Learning a 3D-CNN and Transformer prior for hyperspectral image super-resolution

To address the ill-posed problem of hyperspectral image super-resolution (HSISR), a commonly employed technique is to design a regularization term based on the prior information of hyperspectral images (HSIs) to effectively constrain the objective function. Traditional model-based methods that rely on manually crafted priors are insufficient in fully characterizing the properties of HSIs. Learning-based methods usually use a convolutional neural network (CNN) to learn the implicit priors of HSIs. However, the learning ability of CNN is limited, it only considers the spatial characteristics of the HSIs and ignores the spectral characteristics, and convolution is not effective for long-range dependency modeling. There is still a lot of room for improvement. In this paper, we propose a novel HSISR method that leverages the Transformer architecture instead of the CNN to learn the prior of HSIs.
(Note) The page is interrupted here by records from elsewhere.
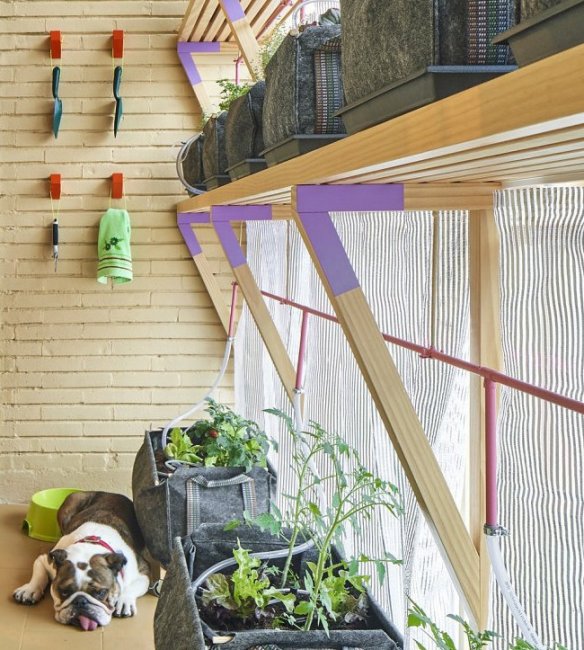 Вся западная — наиболее солнечная — стена квартиры заставлена стеллажами с насаждениями: цветы, овощи, свежая зелень к столу. Растения получают максимум света и создают тень, помогая избежать перегрева в самые жаркие дневные часы. Это пассивная система охлаждения и одновременно насыщения воздуха кислородом, с поглощением углекислого газа.
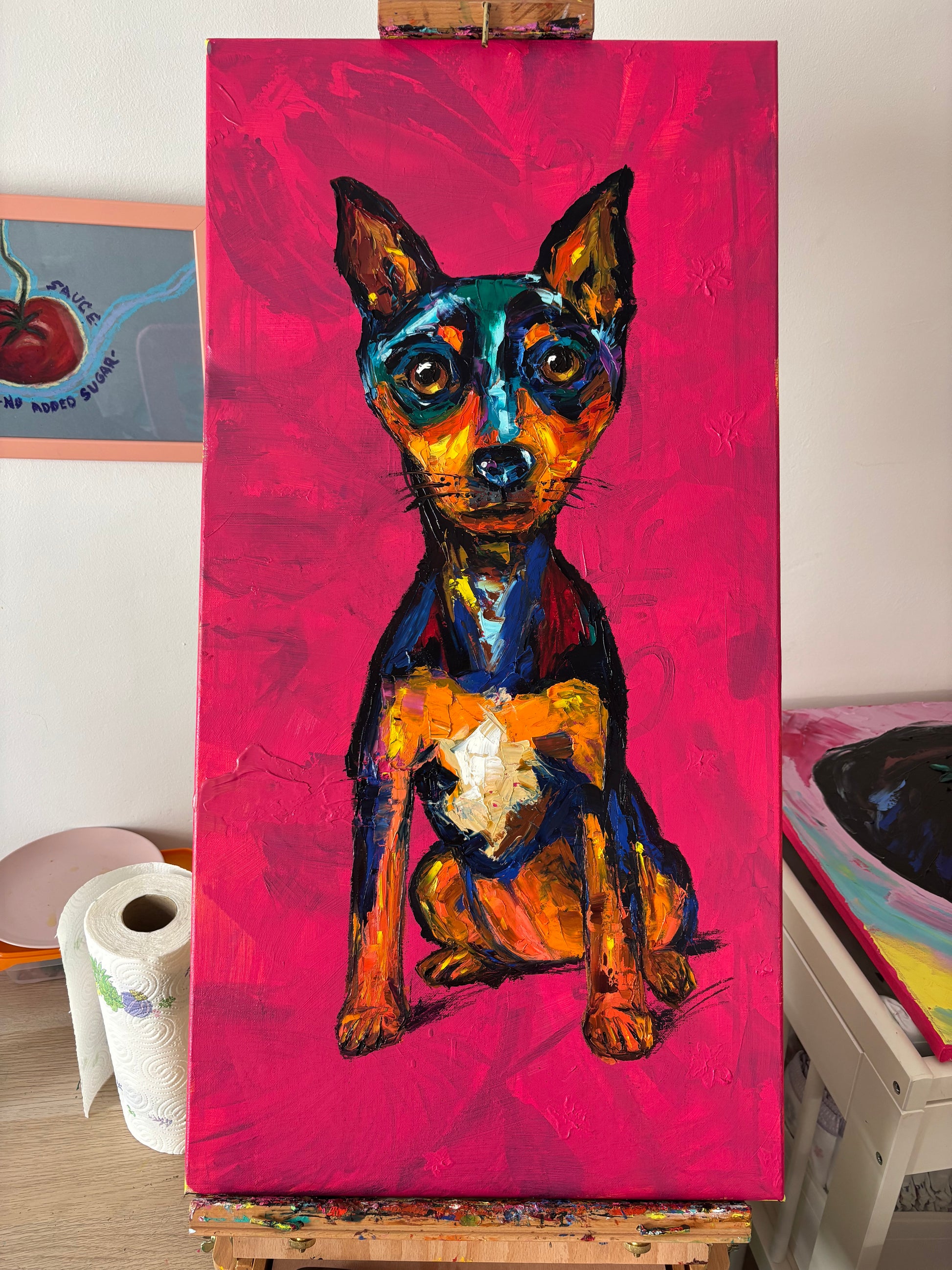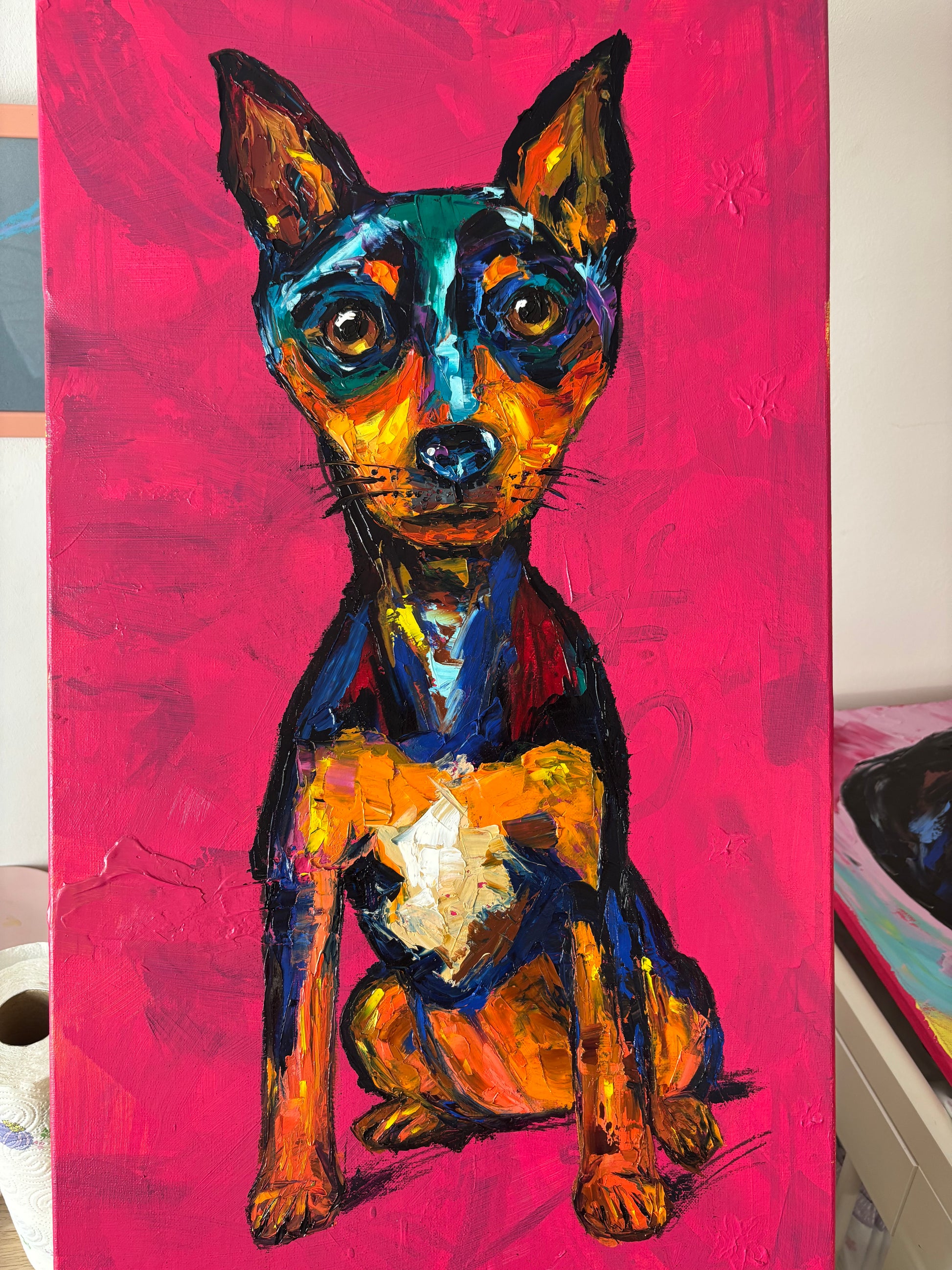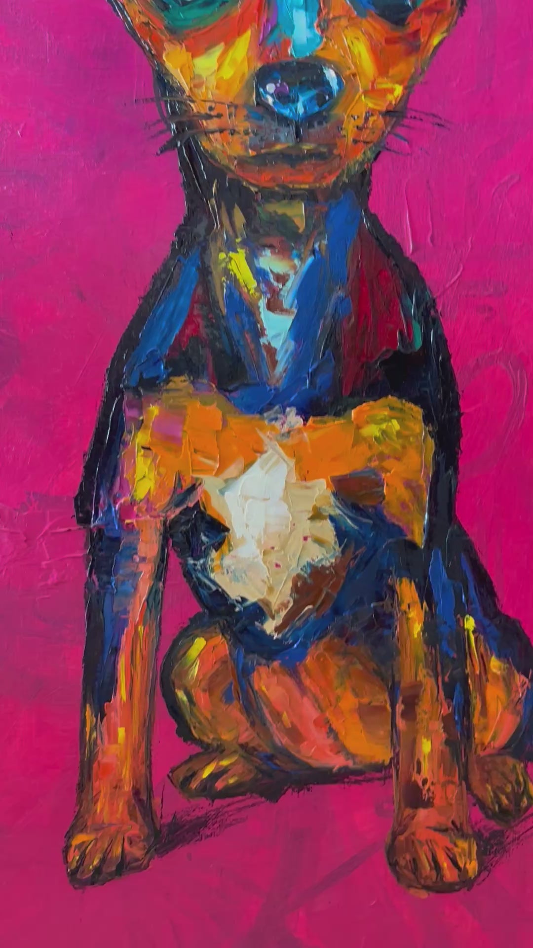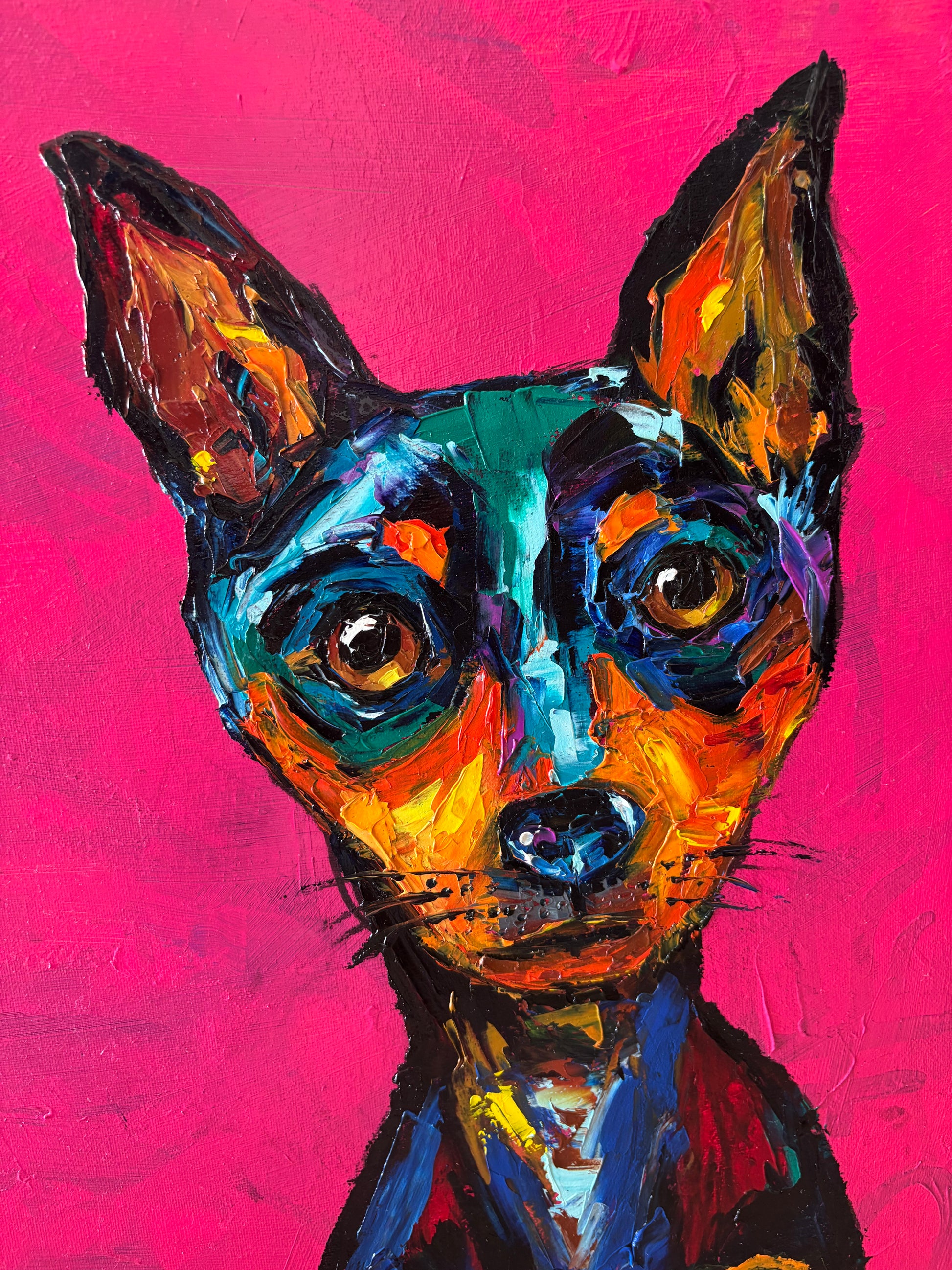 This piece is a vivid explosion of emotion captured through oil and bold brushstrokes, celebrating the soulful eyes and loyal spirit of a beloved companion. I channeled raw expression to bring warmth and depth to the canvas, inviting the viewer to feel the dog's quiet strength and tender vulnerability. It’s an energetic, heartfelt presence that will light up any space with love and intensity.
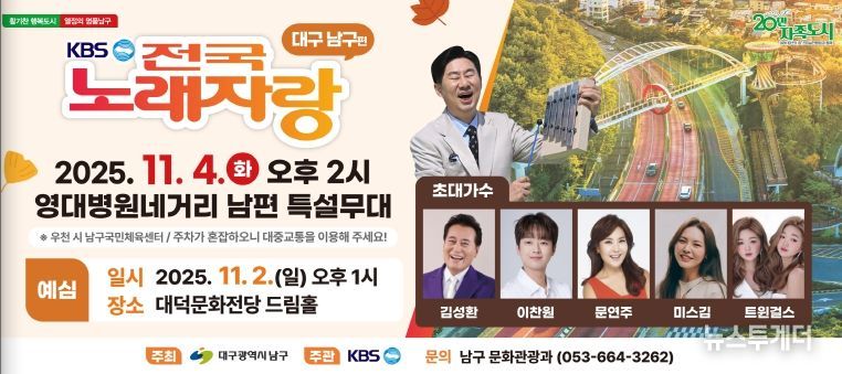 뉴스투게더 김인숙 기자 | 대구 남구는 국내 최장수 인기 프로그램인 KBS 전국 노래자랑 ‘대구 남구편’이 오는 11월 4일 오후 2시, 영대병원네거리 남편 특설무대에서 열린다고 밝혔다.
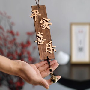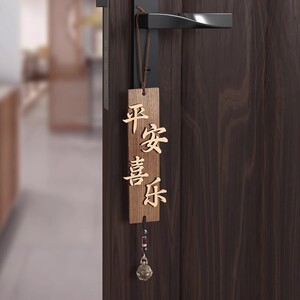 平安喜乐挂牌黑胡桃木入户门挂装饰乔迁大门把手茶室墙
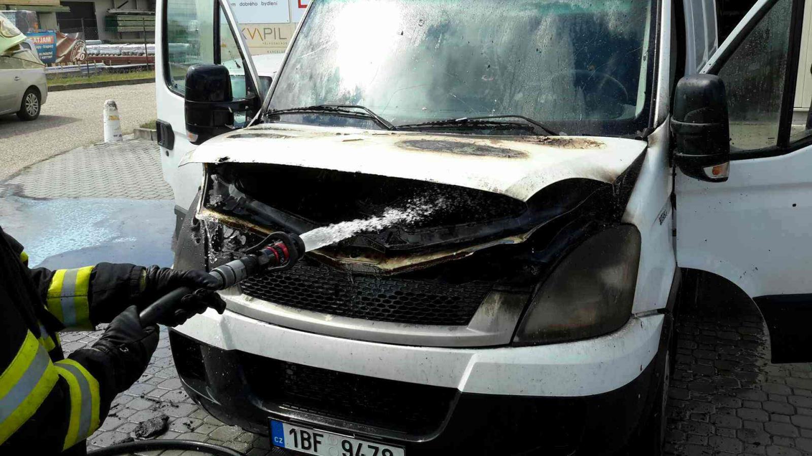 Požár dodávkového vozidla v Olomouci, U pekárny.
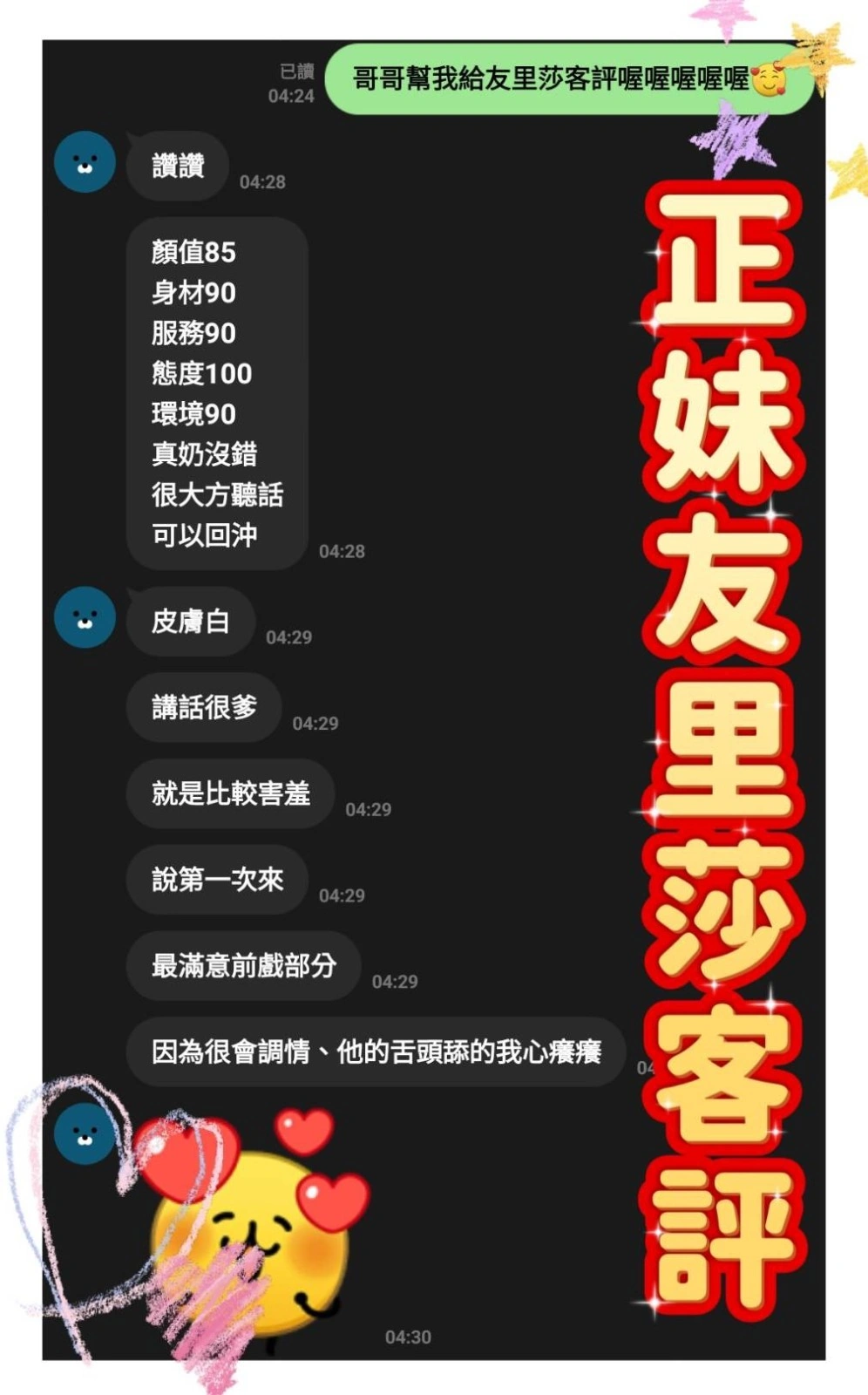 奶砲,按摩,69,殘廢澡,LG(舌吻)依氣氛衛生而定,可親嘴,無套吹,口爆,品鮑,舔蛋,奶推,屁推,顏射,深喉嚨,絲襪(自備免付),無套做,無套內射,後門,快餐,2S
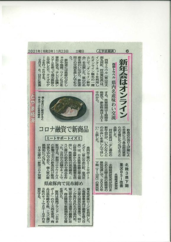 北日本新聞2021年1月23日「ブリしゃぶ新年会オンライン」
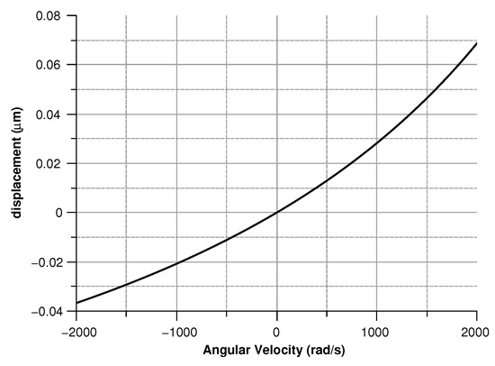 For a clockwise angular velocity (i.e., negative in the graph) the displacement of the sense-mass is in phase with respect to the movement of the drive-mass. On the other hand, for a counter-clockwise (positive in the graph), the displacement of the sense-mass is in counterphase with respect to the movement of the drive-mass. The displacement resulted to be 10 m off compared to the predicted value.
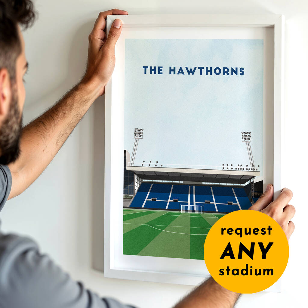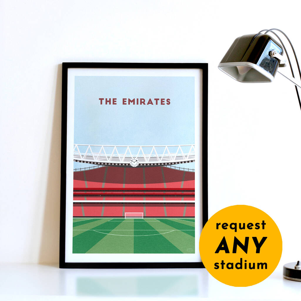 A personalised football print gift, featuring a contemporary illustration of your favourite team's home stadium. Available as an unframed or framed print.
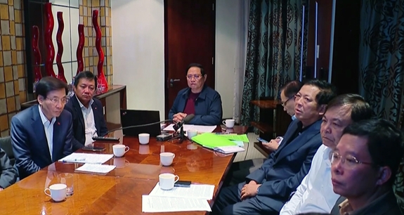 Thủ tướng Phạm Minh Chính chủ trì họp trực tuyến từ Nam Phi, chỉ đạo khắc phục hậu quả mưa lũ. Ảnh: VTV |
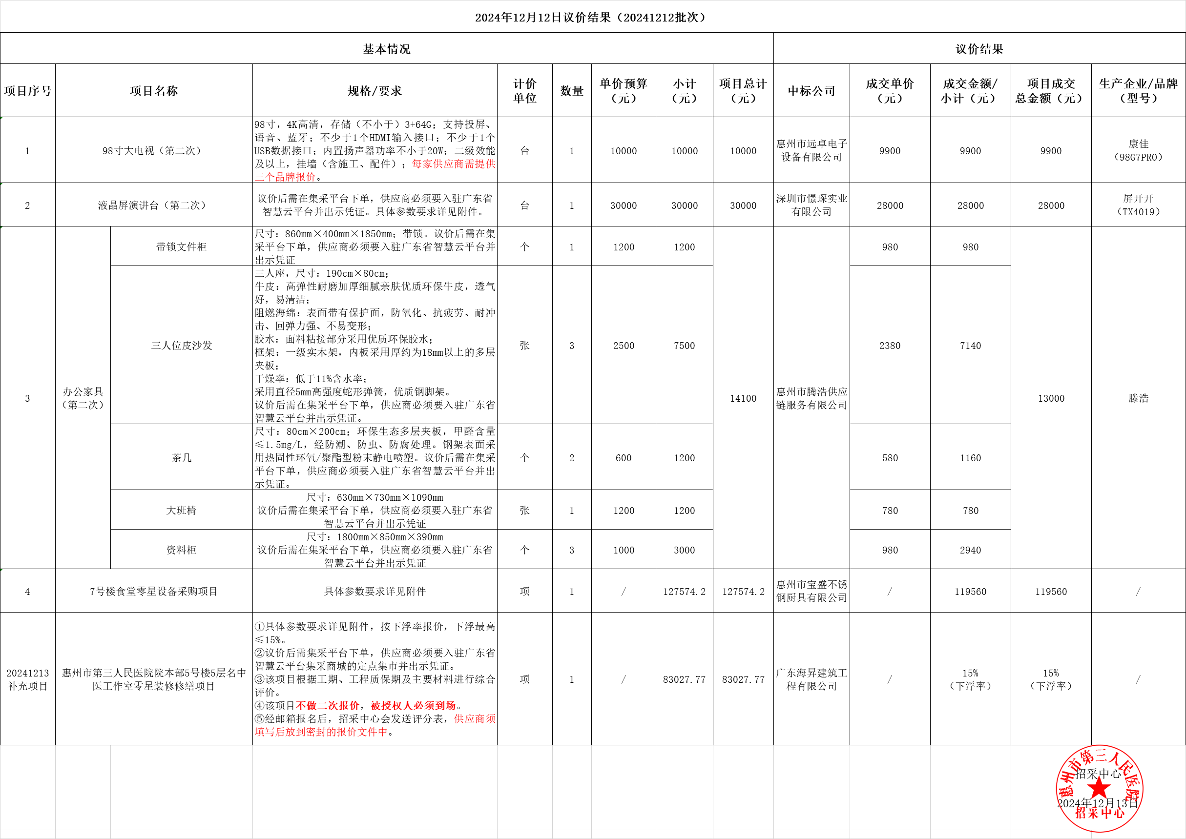 20241212、20241213議價(jià)結(jié)果公示
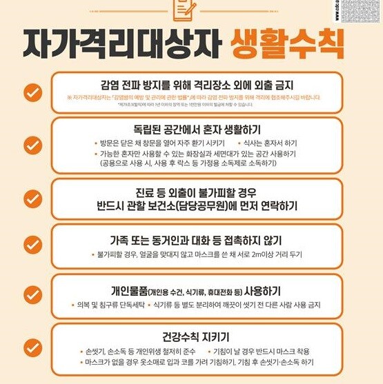 또 독립된 공간에서 혼자 생활하기를 실천해야 하는데, 가족이나 동거인과 대화 등 접촉도 삼가야 한다. 부득이한 경우 마스크를 쓴채 2m 이상 떨어져야 한다. 방문을 닫은채 창문을 열어 자주 환기시키고 식사는 혼자하고 가능한 혼자 쓰는 화장실과 세면대가 있는 공간에 있어야 한다. 공용을 쓴다면 사용 후 락스 등 가정용 소독제로 소독해야 한다. 수건이나 식기류, 휴대전화 등도 반드시 혼자 쓰도록 주의해야 한다.

Specifically, we employ the proximal gradient algorithm to solve the HSISR model and simulate the iterative solution process using an unfolding network. The self-attention layer of the Transformer enables global spatial interaction, while a 3D-CNN is added behind the Transformer layers to better capture the spatio-spectral correlation of HSIs. Both quantitative and visual results on three widely used HSI datasets and the real-world dataset demonstrate that the proposed method achieves a considerable gain compared to all the mainstream algorithms including the most competitive conventional methods and the recently proposed deep learning-based methods. The source code and trained models are made publicly available at https://github.com/qingma2016/3DT-Net.